§ Goal of the exercise
With pictures excluded, copy word for word the lines in the data below from the line containing "De cruciale vraag" through the line containing "Жилет приталенного кроя".

Records excerpted from a collection:
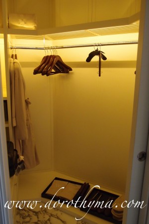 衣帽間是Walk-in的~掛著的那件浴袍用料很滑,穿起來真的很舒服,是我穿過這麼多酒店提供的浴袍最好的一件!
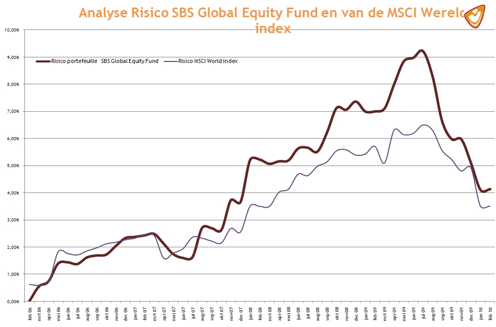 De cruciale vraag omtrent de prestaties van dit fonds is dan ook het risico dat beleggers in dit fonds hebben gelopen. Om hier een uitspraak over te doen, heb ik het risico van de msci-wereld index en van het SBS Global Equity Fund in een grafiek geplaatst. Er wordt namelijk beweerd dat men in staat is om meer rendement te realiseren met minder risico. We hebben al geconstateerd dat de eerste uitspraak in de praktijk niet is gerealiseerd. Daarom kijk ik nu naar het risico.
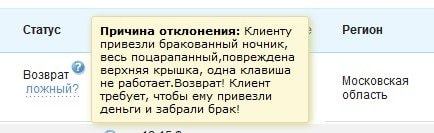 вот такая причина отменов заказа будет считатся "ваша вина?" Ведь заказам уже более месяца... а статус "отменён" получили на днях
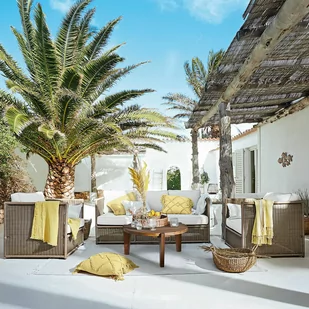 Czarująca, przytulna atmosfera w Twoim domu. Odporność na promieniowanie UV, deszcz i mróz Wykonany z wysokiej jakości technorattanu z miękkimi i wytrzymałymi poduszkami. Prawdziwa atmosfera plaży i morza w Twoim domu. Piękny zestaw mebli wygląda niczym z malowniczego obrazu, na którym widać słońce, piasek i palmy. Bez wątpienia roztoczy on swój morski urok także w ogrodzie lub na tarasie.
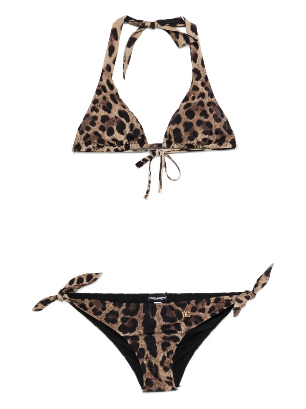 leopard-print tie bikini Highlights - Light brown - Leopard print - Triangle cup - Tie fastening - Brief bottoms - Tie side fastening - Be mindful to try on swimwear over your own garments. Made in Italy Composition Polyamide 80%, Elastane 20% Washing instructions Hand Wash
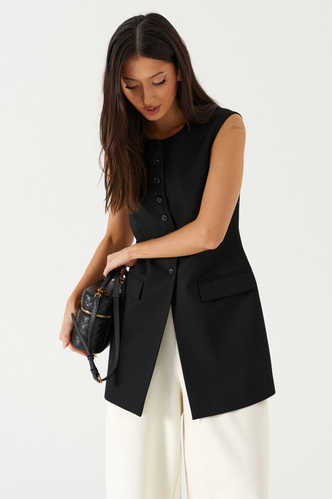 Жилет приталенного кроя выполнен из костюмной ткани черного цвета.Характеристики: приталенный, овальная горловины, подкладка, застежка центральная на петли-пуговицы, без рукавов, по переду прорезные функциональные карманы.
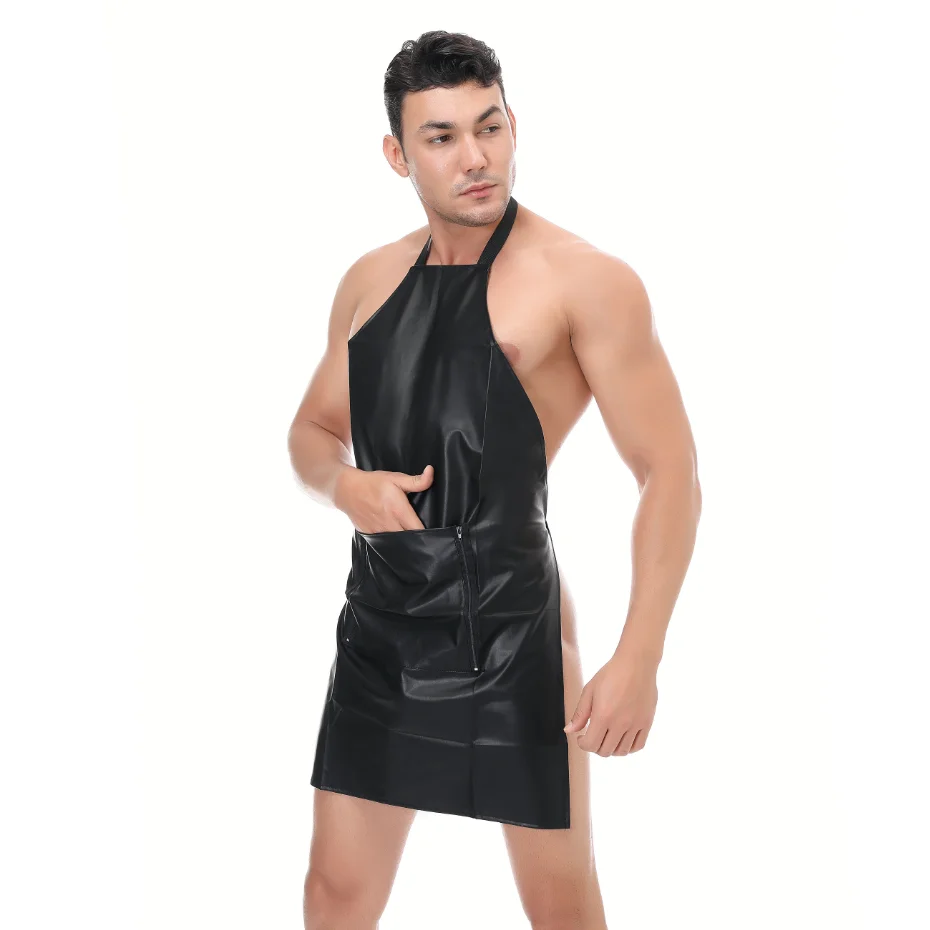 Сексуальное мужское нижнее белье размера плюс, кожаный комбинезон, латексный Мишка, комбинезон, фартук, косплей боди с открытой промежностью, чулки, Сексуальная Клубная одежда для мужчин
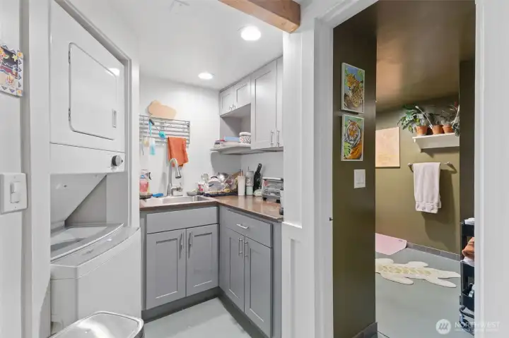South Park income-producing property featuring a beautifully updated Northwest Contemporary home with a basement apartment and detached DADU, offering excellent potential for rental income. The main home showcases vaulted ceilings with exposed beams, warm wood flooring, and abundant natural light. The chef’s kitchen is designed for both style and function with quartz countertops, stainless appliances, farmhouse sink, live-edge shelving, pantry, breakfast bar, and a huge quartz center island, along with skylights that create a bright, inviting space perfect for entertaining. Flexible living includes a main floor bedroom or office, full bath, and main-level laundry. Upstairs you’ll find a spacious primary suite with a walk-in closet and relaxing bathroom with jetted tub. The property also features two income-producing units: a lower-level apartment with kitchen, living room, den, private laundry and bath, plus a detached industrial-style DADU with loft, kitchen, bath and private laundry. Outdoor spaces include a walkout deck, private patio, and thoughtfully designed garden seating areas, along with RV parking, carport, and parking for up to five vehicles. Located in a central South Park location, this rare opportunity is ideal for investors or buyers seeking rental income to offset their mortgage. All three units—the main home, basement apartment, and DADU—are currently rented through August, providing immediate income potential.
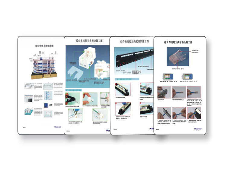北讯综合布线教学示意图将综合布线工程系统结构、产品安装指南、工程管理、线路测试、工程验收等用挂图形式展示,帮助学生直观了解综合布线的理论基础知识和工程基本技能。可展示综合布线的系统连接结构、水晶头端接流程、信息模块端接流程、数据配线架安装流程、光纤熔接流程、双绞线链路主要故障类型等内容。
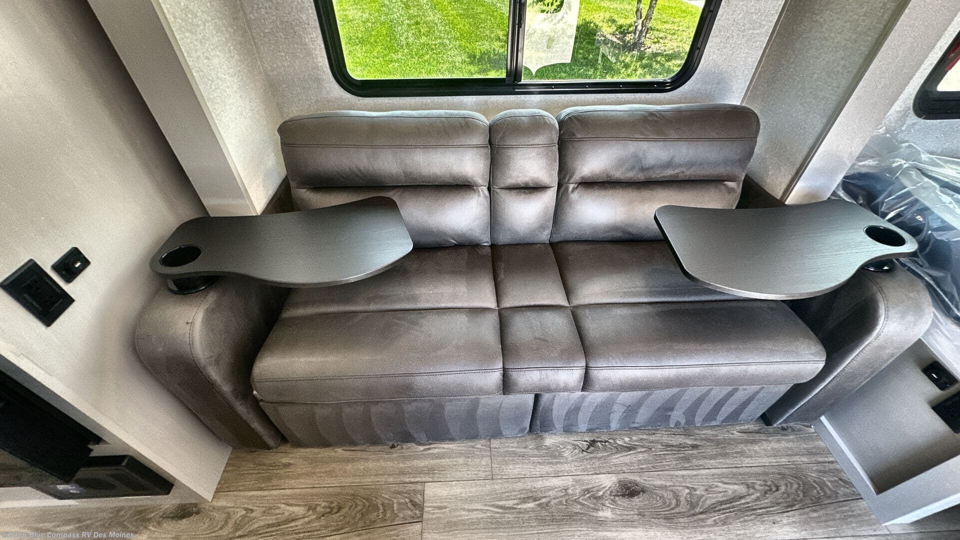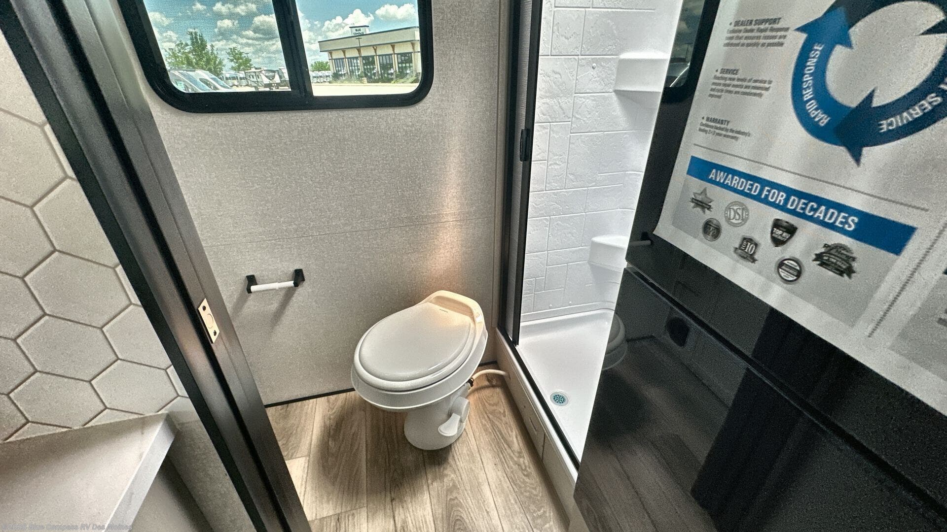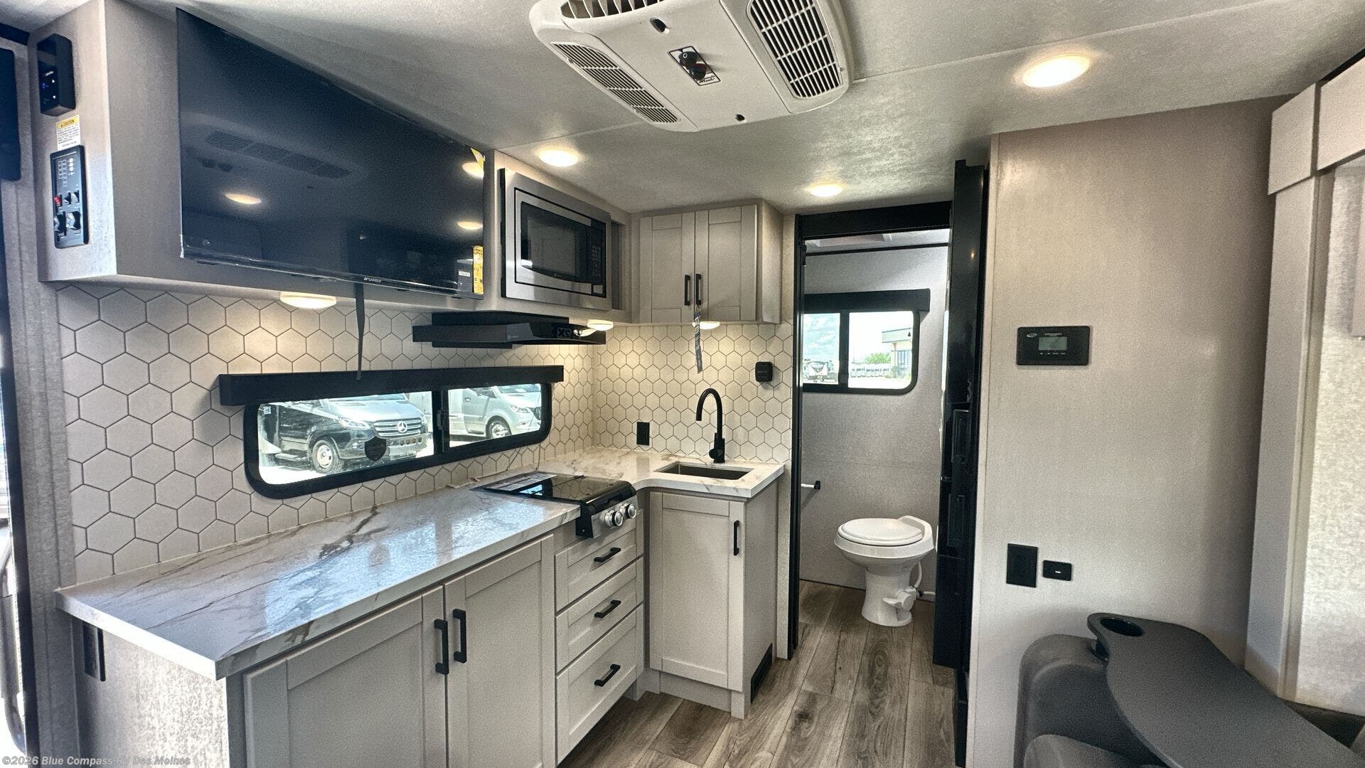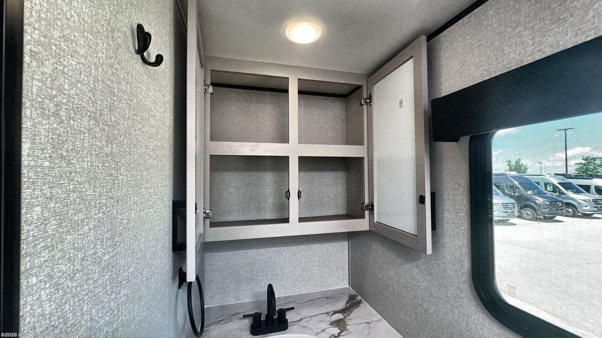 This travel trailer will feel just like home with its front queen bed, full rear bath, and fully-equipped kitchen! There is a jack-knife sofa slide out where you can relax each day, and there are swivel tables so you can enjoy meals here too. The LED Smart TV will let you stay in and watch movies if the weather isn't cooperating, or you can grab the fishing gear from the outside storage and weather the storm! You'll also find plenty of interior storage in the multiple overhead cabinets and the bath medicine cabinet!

§ Answer section
 De cruciale vraag omtrent de prestaties van dit fonds is dan ook het risico dat beleggers in dit fonds hebben gelopen. Om hier een uitspraak over te doen, heb ik het risico van de msci-wereld index en van het SBS Global Equity Fund in een grafiek geplaatst. Er wordt namelijk beweerd dat men in staat is om meer rendement te realiseren met minder risico. We hebben al geconstateerd dat de eerste uitspraak in de praktijk niet is gerealiseerd. Daarom kijk ik nu naar het risico.
 вот такая причина отменов заказа будет считатся "ваша вина?" Ведь заказам уже более месяца... а статус "отменён" получили на днях
 Czarująca, przytulna atmosfera w Twoim domu. Odporność na promieniowanie UV, deszcz i mróz Wykonany z wysokiej jakości technorattanu z miękkimi i wytrzymałymi poduszkami. Prawdziwa atmosfera plaży i morza w Twoim domu. Piękny zestaw mebli wygląda niczym z malowniczego obrazu, na którym widać słońce, piasek i palmy. Bez wątpienia roztoczy on swój morski urok także w ogrodzie lub na tarasie.
 leopard-print tie bikini Highlights - Light brown - Leopard print - Triangle cup - Tie fastening - Brief bottoms - Tie side fastening - Be mindful to try on swimwear over your own garments. Made in Italy Composition Polyamide 80%, Elastane 20% Washing instructions Hand Wash
 Жилет приталенного кроя выполнен из костюмной ткани черного цвета.Характеристики: приталенный, овальная горловины, подкладка, застежка центральная на петли-пуговицы, без рукавов, по переду прорезные функциональные карманы.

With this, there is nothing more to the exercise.